[Start of Attachment]

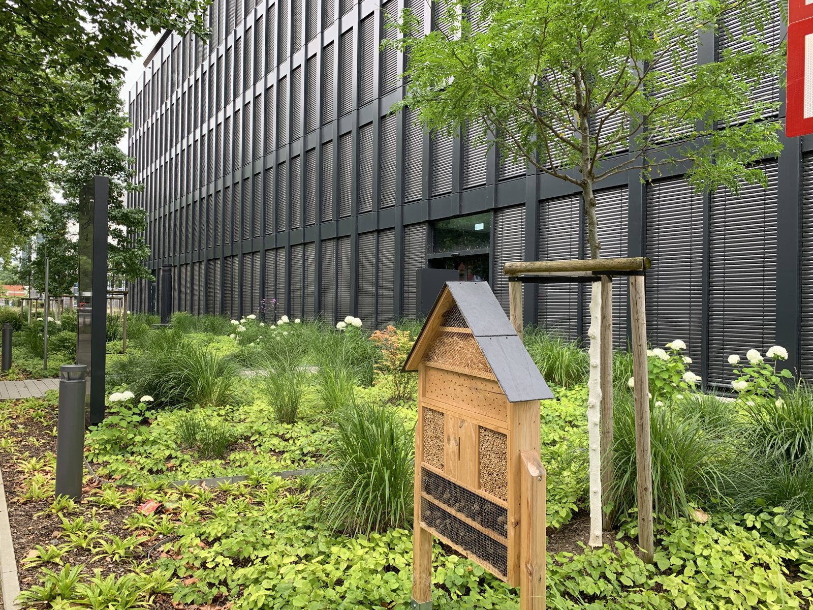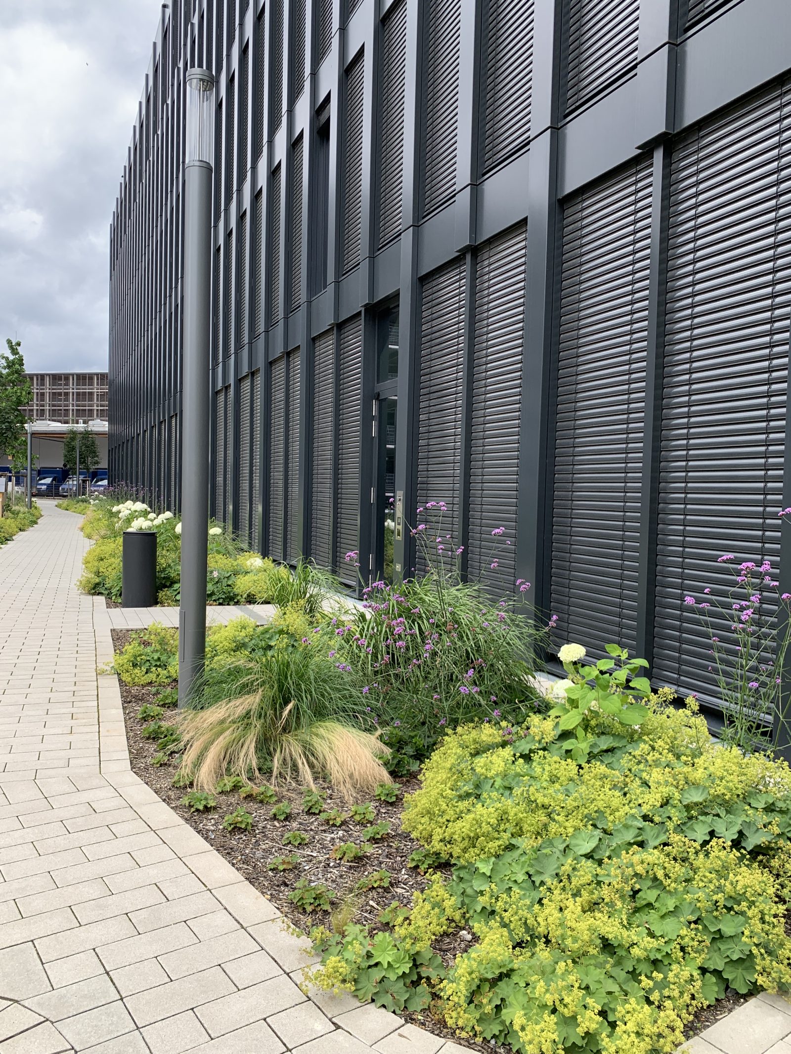 Die übrigen Wege- und Erschließungsflächen werden einheitlich für Fußgänger, Lieferverkehr und Feuerwehr gepflastert. Der Anlieferungsbereich des Hotels wird hinsichtlich eines immergrünen vegetativen Sichtschutzes in Form von Hecken und einer berankten Pergola aufgewertet. Ein eingegrünter Verbindungsweg dient dem Abtransport der Müllcontainer des Hotels zur Schiessstrasse. Die Müllaufstellfläche für das Bürogebäude ist in einer eingegrünten Müllbox mit Pergolendach nachgewiesen.
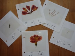 一つ目は、花の絵に部分ごと色を塗って作った本、もう一つは、電子レンジで即席押し花を作り、本物の花を使った本を作りました。
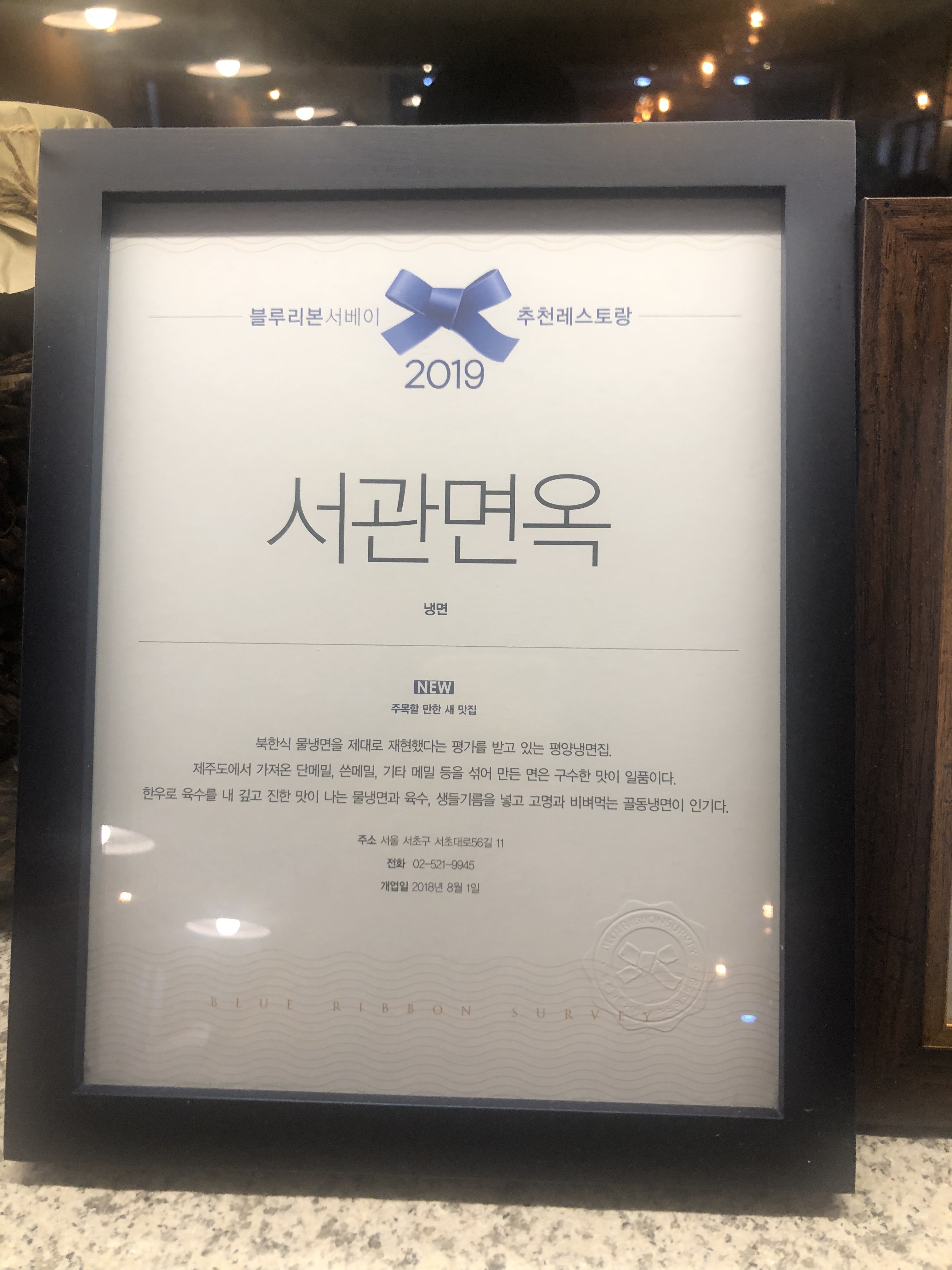 교대역 1번출구에서 가까운 서관면옥을 가봤다. 계산할 때 보니까 2019 블루리본 식당으로 선정되어 있는 집이라서 다소 뜻밖이라는 생각이 드는 식당이었다.
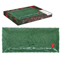 HOLLY & BERRIES GREEN SERVĒJAMAIS ŠĶĪVIS 37X16.5CM, ZAĻŠ, PORCELĀNS, Easy Life
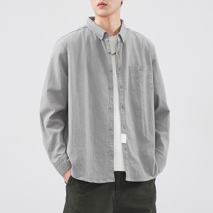 Spring New Pure Cotton Wash Casual Shirt Jacket for Men's Japanese Retro Simple Versatile Shirt
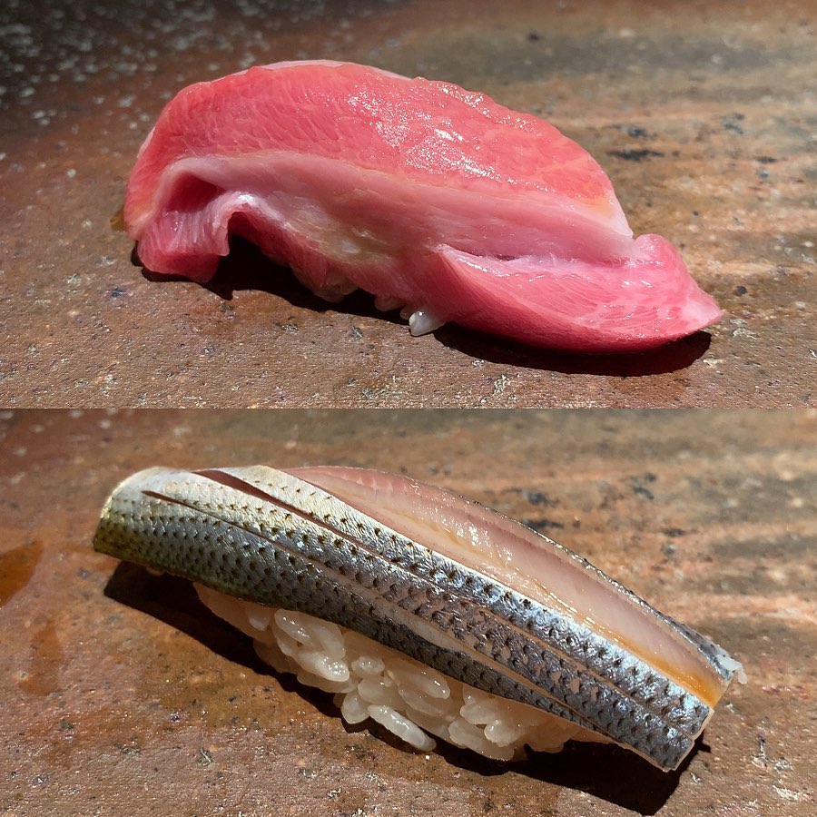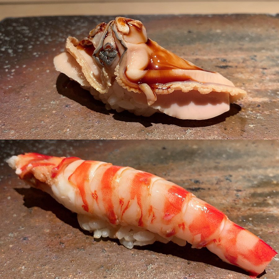 念願の菊鮨さんへ。ミシュラン一つ星でThe Tabelog Award 2020 Silver 受賞の超有名店。お鮨は小ぶりで、赤酢のシャリはしっかり存在感があるが、円やかでどのネタにも合う。口の中でシャリとネタが馴染む感じはさすが一流。シャリとの相性を意識したネタの工夫が印象的でした。
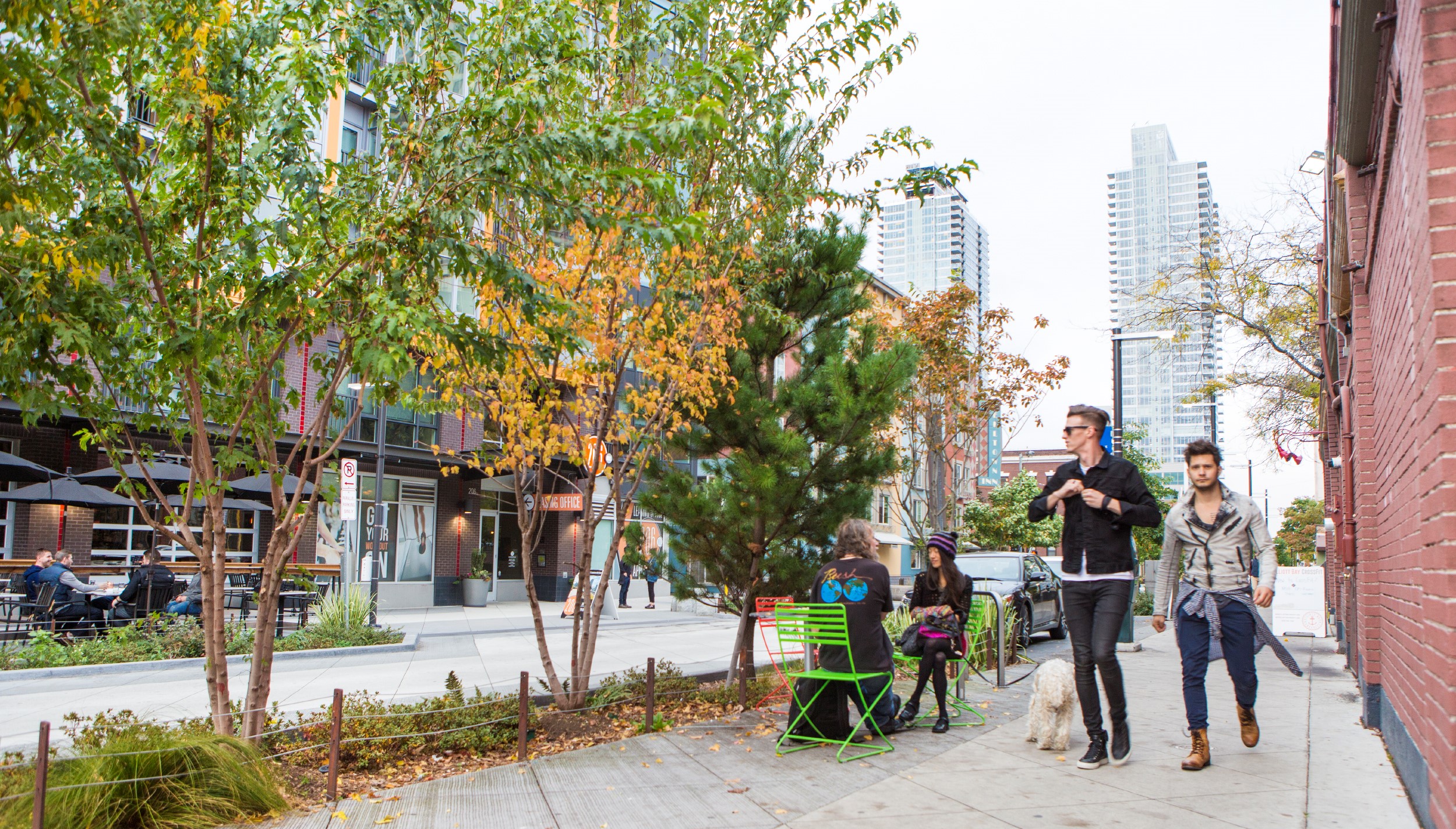 A walkable green street in Seattle (photo courtesy of deeproot Green Infrastructure. Click for original.)

[End of Attachment]

WHAT YOU ARE ASKED TO DO
From the line containing "교대역 1번출구에서 가까운" to the end of the listing, restate each line word for word and nothing more; the pictures stay out.

RESPONSE FOR THIS EXERCISE
 교대역 1번출구에서 가까운 서관면옥을 가봤다. 계산할 때 보니까 2019 블루리본 식당으로 선정되어 있는 집이라서 다소 뜻밖이라는 생각이 드는 식당이었다.
 HOLLY & BERRIES GREEN SERVĒJAMAIS ŠĶĪVIS 37X16.5CM, ZAĻŠ, PORCELĀNS, Easy Life
 Spring New Pure Cotton Wash Casual Shirt Jacket for Men's Japanese Retro Simple Versatile Shirt
 念願の菊鮨さんへ。ミシュラン一つ星でThe Tabelog Award 2020 Silver 受賞の超有名店。お鮨は小ぶりで、赤酢のシャリはしっかり存在感があるが、円やかでどのネタにも合う。口の中でシャリとネタが馴染む感じはさすが一流。シャリとの相性を意識したネタの工夫が印象的でした。
 A walkable green street in Seattle (photo courtesy of deeproot Green Infrastructure. Click for original.)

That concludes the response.